The data
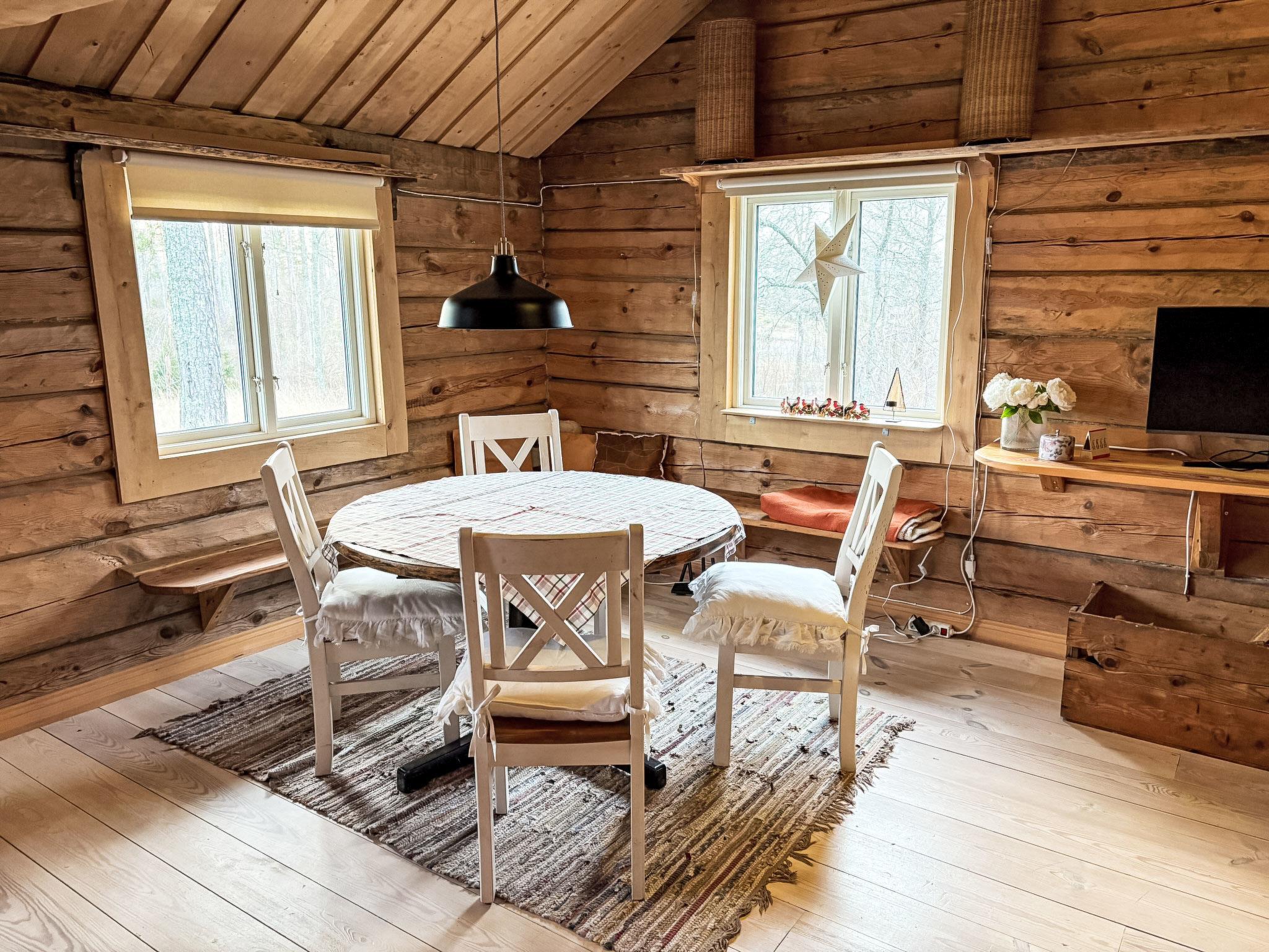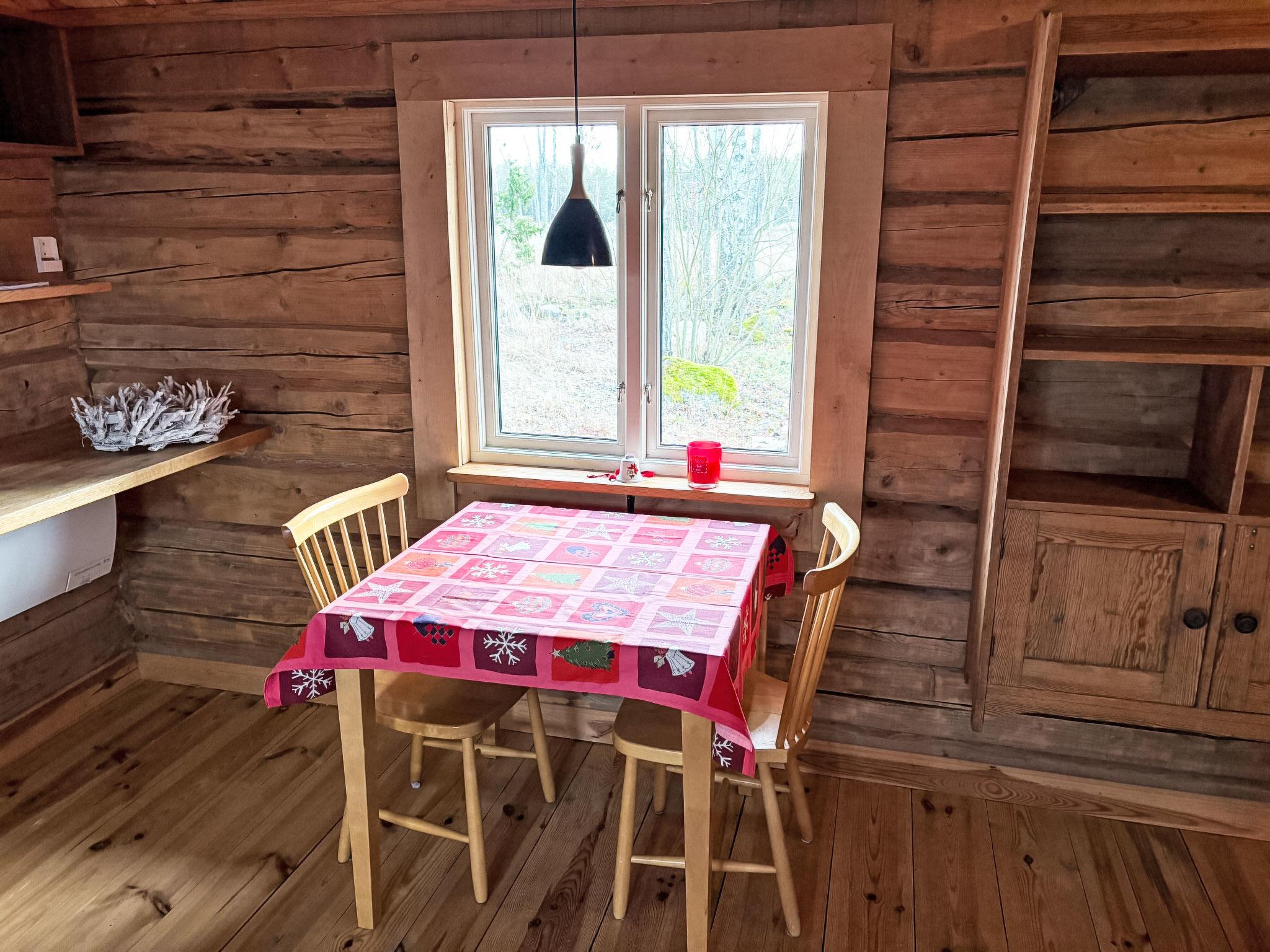 "Ekbacken", 2-room house 66 m2. Object suitable for 3 adults + 2 children. Spacious, with sloping ceilings, tasteful and cosy furnishings: open living/sleeping room with 1 double bed (180 cm, length 200 cm), TV. Sleeping alcove with 1 bed (80 cm, length 200 cm). Large, open kitchen (4 hot plates, oven, microwave, freezer, electric coffee machine) with dining table. Exit to the garden. Shower/WC. Heating, electric heating, boiler (70 litres). Upper floor: (ladder) small sleeping alcove 12 m2 with 2 beds. Wooden floors. Comfortable furnishings in the country house style. Large terrace 24 m2. Terrace furniture, barbecue (portable). Beautiful view of the lake, the countryside and the forest. Facilities: washing machine, iron, logs (extra). Internet (WiFi, free). Please note: non-smoking house. Maximum 1 pet/ dog allowed. Smoke alarm, fire extinguisher. TV via casting. Instead of an enclosed bedroom, some sleeping areas are located in an open-plan area (gallery, alcove, etc.).
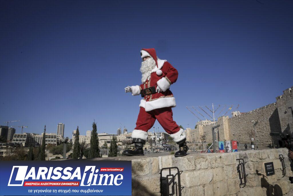 Ντυμένος με στολή Άγιου Βασίλη, περπατά κατά μήκος τοίχου δίπλα στην Παλιά Πόλη της Ιερουσαλήμ, ενόψει των Χριστουγέννων, την Πέμπτη 19 Δεκεμβρίου 2024. (AP Photo/Mahmoud Illean)
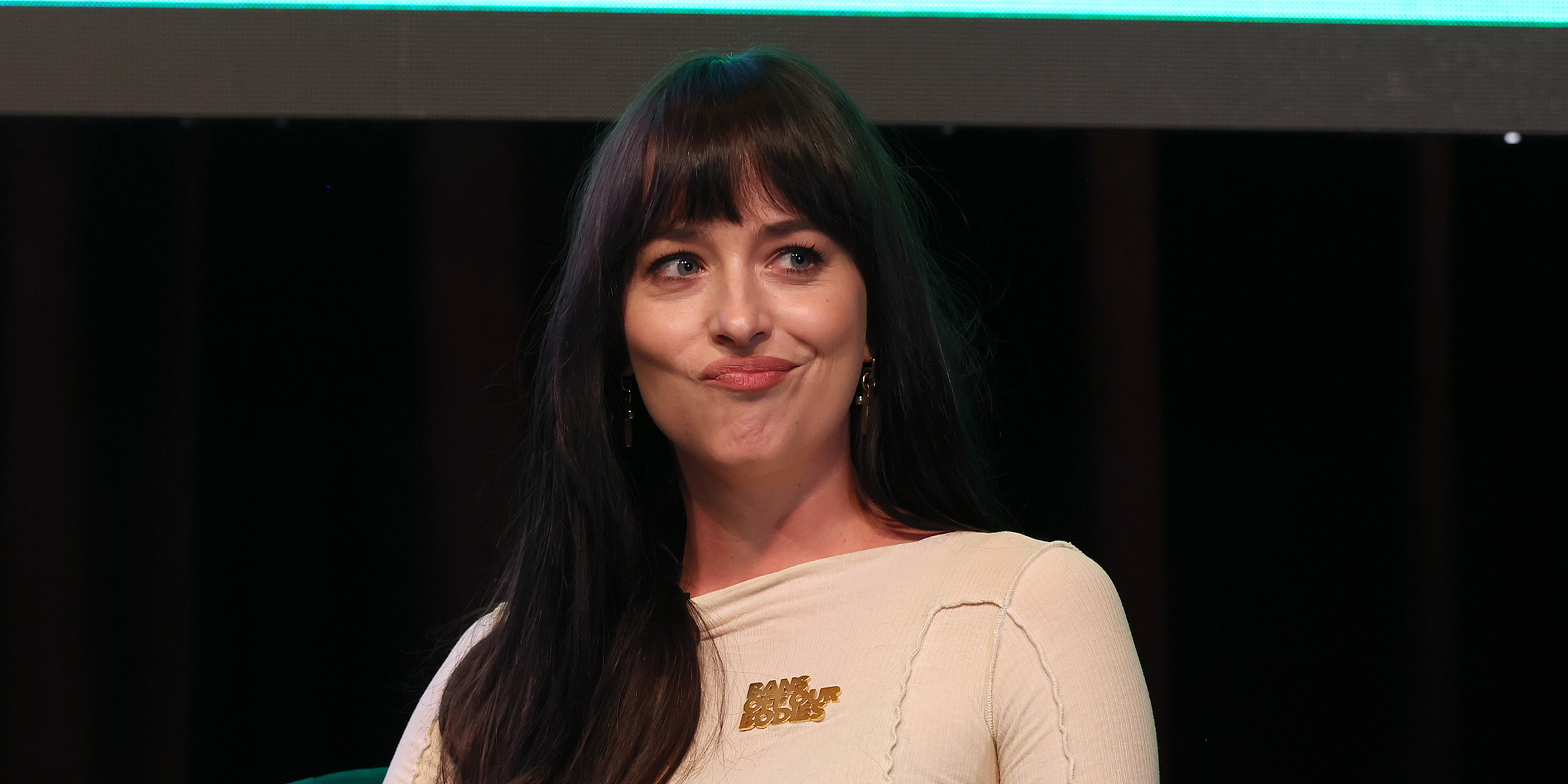 Dakota Johnson speaking onstage at the 21st Zurich Film Festival in Switzerland on September 26, 2025. | Source: Getty Images
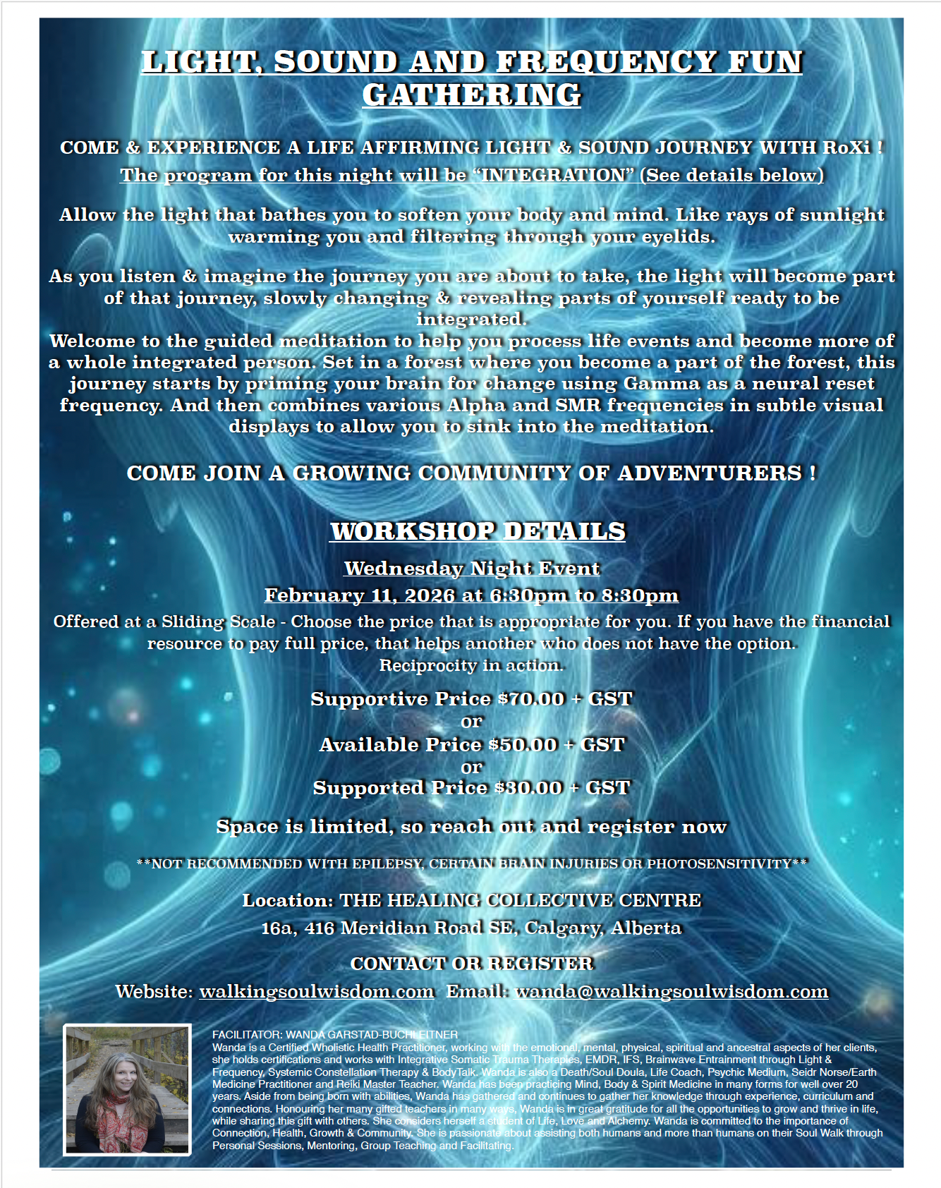 For more information, to book an appointment, to buy a roXiva device, attend or organize a group event, click the link above or contact Wanda by email at wanda@walkingsoulwisdom.com or by phone 403-702-2811.

About this exercise
Images in the data above are to be skipped. Retype all other material exactly.

Answer
 "Ekbacken", 2-room house 66 m2. Object suitable for 3 adults + 2 children. Spacious, with sloping ceilings, tasteful and cosy furnishings: open living/sleeping room with 1 double bed (180 cm, length 200 cm), TV. Sleeping alcove with 1 bed (80 cm, length 200 cm). Large, open kitchen (4 hot plates, oven, microwave, freezer, electric coffee machine) with dining table. Exit to the garden. Shower/WC. Heating, electric heating, boiler (70 litres). Upper floor: (ladder) small sleeping alcove 12 m2 with 2 beds. Wooden floors. Comfortable furnishings in the country house style. Large terrace 24 m2. Terrace furniture, barbecue (portable). Beautiful view of the lake, the countryside and the forest. Facilities: washing machine, iron, logs (extra). Internet (WiFi, free). Please note: non-smoking house. Maximum 1 pet/ dog allowed. Smoke alarm, fire extinguisher. TV via casting. Instead of an enclosed bedroom, some sleeping areas are located in an open-plan area (gallery, alcove, etc.).
 Ντυμένος με στολή Άγιου Βασίλη, περπατά κατά μήκος τοίχου δίπλα στην Παλιά Πόλη της Ιερουσαλήμ, ενόψει των Χριστουγέννων, την Πέμπτη 19 Δεκεμβρίου 2024. (AP Photo/Mahmoud Illean)
 Dakota Johnson speaking onstage at the 21st Zurich Film Festival in Switzerland on September 26, 2025. | Source: Getty Images
 For more information, to book an appointment, to buy a roXiva device, attend or organize a group event, click the link above or contact Wanda by email at wanda@walkingsoulwisdom.com or by phone 403-702-2811.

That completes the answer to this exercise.